Amsterdam, The Netherlands — June 26, 2019 - InterXion Holding N.V. (“InterXion”, “we, “us”, or the “Company”) (NYSE: INXN) today announced that it priced its previously announced public offering of 4,000,000 ordinary shares at a public offering price of $72.75 per share.  In addition, the Company granted the underwriters a 30-day option to purchase up to an additional 600,000 ordinary shares at the public offering price, less the underwriting discounts and commissions.  The gross proceeds of this offering, before deducting the underwriting discounts and commissions and offering expenses, are expected to be $291 million.  The offering is expected to close on or about July 1, 2019, subject to customary closing conditions.

The Company intends to use the net proceeds from this offering for general corporate purposes, including funding for land bank development and its currently planned and future data center capacity expansion projects, working capital needs and the repayment of short-term indebtedness.

Citigroup, Barclays, BofA Merrill Lynch and Guggenheim Securities are serving as joint book-running managers and ABN AMRO is serving as co-manager for the proposed offering. 

The offering is being made pursuant to the Company’s shelf registration statement on Form F-3 filed with the U.S. Securities and Exchange Commission (the “SEC”) on June 25, 2019 (the “Registration Statement”).  The ordinary shares are being offered only by means of a prospectus and an accompanying prospectus supplement forming a part of the effective Registration Statement.
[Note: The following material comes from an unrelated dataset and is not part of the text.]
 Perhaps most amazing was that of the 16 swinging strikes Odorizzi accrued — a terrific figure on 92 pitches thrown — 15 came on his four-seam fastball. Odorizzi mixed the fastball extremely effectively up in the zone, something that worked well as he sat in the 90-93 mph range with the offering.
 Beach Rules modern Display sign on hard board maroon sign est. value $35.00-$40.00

Prospective investors should read the prospectus included in the Registration Statement, the final prospectus supplement and other documents that the Company has filed with the SEC for more complete information about the Company and the offering. The Registration Statement, the final prospectus supplement and the documents incorporated by reference therein are available on the SEC’s website at:

When available, copies of the final prospectus supplement and the accompanying prospectus may be obtained from Citigroup Global Markets Inc., c/o Broadridge Financial Solutions, 1155 Long Island Avenue, Edgewood, NY 11717, toll-free: (800) 831-9146; or Barclays Capital Inc., c/o Broadridge Financial Solutions, 1155, Long Island Avenue, Edgewood, NY 11717, by calling (888) 603-5847 or by emailing; or BofA Merrill Lynch, Attn: Prospectus Department, NC1-004-03-43, 200 North College Street, 3rd Floor, Charlotte, NC 28255-0001 or via email at:

This news release shall not constitute an offer to sell or the solicitation of an offer to buy these securities, nor shall there be any sale of these securities in any state or jurisdiction in which such offer, solicitation or sale would be unlawful prior to registration or qualification under the securities laws of any such state.
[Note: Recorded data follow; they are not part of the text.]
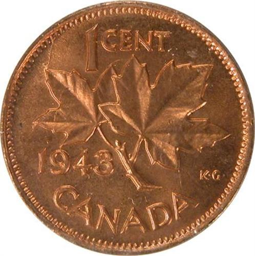 Canada Cent 1943 ICCS MS-64 Red. Over 90% red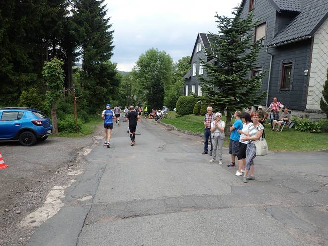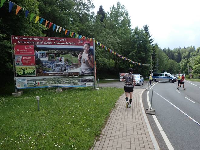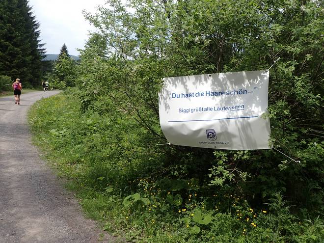 Ruppachstraße Schmiedefeld am Rennsteig 13.41 Uhr / Km 41,2 Wir erreichten den tiefsten Punkt der Strecke. Bei 687 Metern. Somit lagen zwischen dem höchsten und tiefsten Punkt der Strecke nur 154 Meter. Dazwischen pendelt man aber 769 Meter rauf und 844 Meter runter. Macht also 1613 Meter Höhendifferenz. Beim Supermarathon sind es 3260 Meter (1874 Meter rauf, 1386 Meter runter). |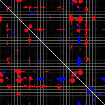 This matrix displays the maximum distance fluctuations between all pairs of CA atoms and between the two extreme conformations that were computed for this mode (DQMIN/DQMAX). Distance increases are plotted in blue and decreases in red for the strongest 10% of the residue pair distance changes. Every pixel corresponds to a single residue. Grey lines are drawn every 10 residues, yellow lines every 100 residues (counting from the upper left corner).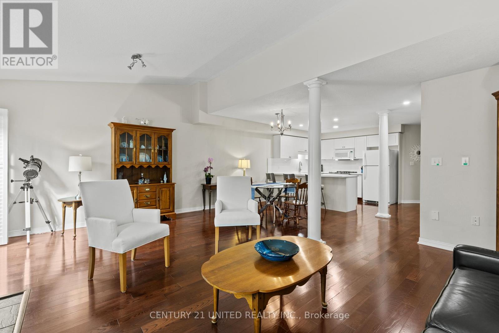 $211 MonthlyStep inside this immaculate open-concept condo townhouse. The main floor features a beautiful front entrance with hardwood floors. The bright and spacious living area is equipped with a gas fireplace and patio doors leading to a private backyard. The modern updated kitchen features white timeless granite countertops, a new sink and a newer stainless steel oven. The spacious dining room is perfect for both everyday living and entertaining. Throughout the home you'll have plenty of natural light plus beautiful updated light fixtures and new pot lights in the kitchen. Upstairs, you'll find three generous bedrooms with closets, including a lovely primary suite with a private ensuite bath with a new toilet. With three bathrooms in total, there's plenty of space for the whole family or visiting guests. The fully finished basement offers additional living space. In the utility room you'll find a newer washer and dryer and updated furnace (2018) Step outside to your own personal fenced backyard complete with deck and gazebo area, a perfect place to relax or host summer get-togethers. Updates throughout including a newer AC (2018) make this home truly move-in ready. Enjoy maintenance free living with lawn care and snow removal provided. Plenty of parking space in the single car garage, driveway and visitor parking. Located just minutes from the QEW, shopping, parks, community center and great schools, this property combines convenience with exceptional pride of ownership. (id:51158)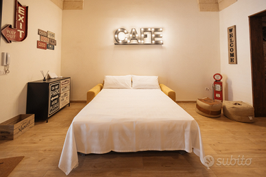 Appartamento sito in Lecce in zona centrale e ben servita. A pochi passi, troverete i principali siti della città: il Duomo, Piazza Sant'Oronzo e Piazza Mazzini. L'appartamento è dotato di Wifi, TV a schermo piatto, angolo cottura con frigorifero, forno, utensili da cucina e macchina da caffè. Per i soggiorni più lunghi, offriamo la possibilità di utilizzo di una lavatrice presente in un piccolo spazio esterno. Max 4pp. L'aeroporto di Brindisi-Casale dista 45 km e la stazione ferroviaria 2 km. PREZZO DA CONCORDARE IN BASE AL PERIODO E NUM. DI OSPITI.

Neither the content of InterXion’s website nor any website accessible by hyperlinks on InterXion’s website is incorporated in, or forms part of, this announcement. The distribution of this announcement into certain jurisdictions may be restricted by law. Persons into whose possession this announcement comes should inform themselves about and observe any such restrictions. Any failure to comply with these restrictions may constitute a violation of the securities laws of any such jurisdiction.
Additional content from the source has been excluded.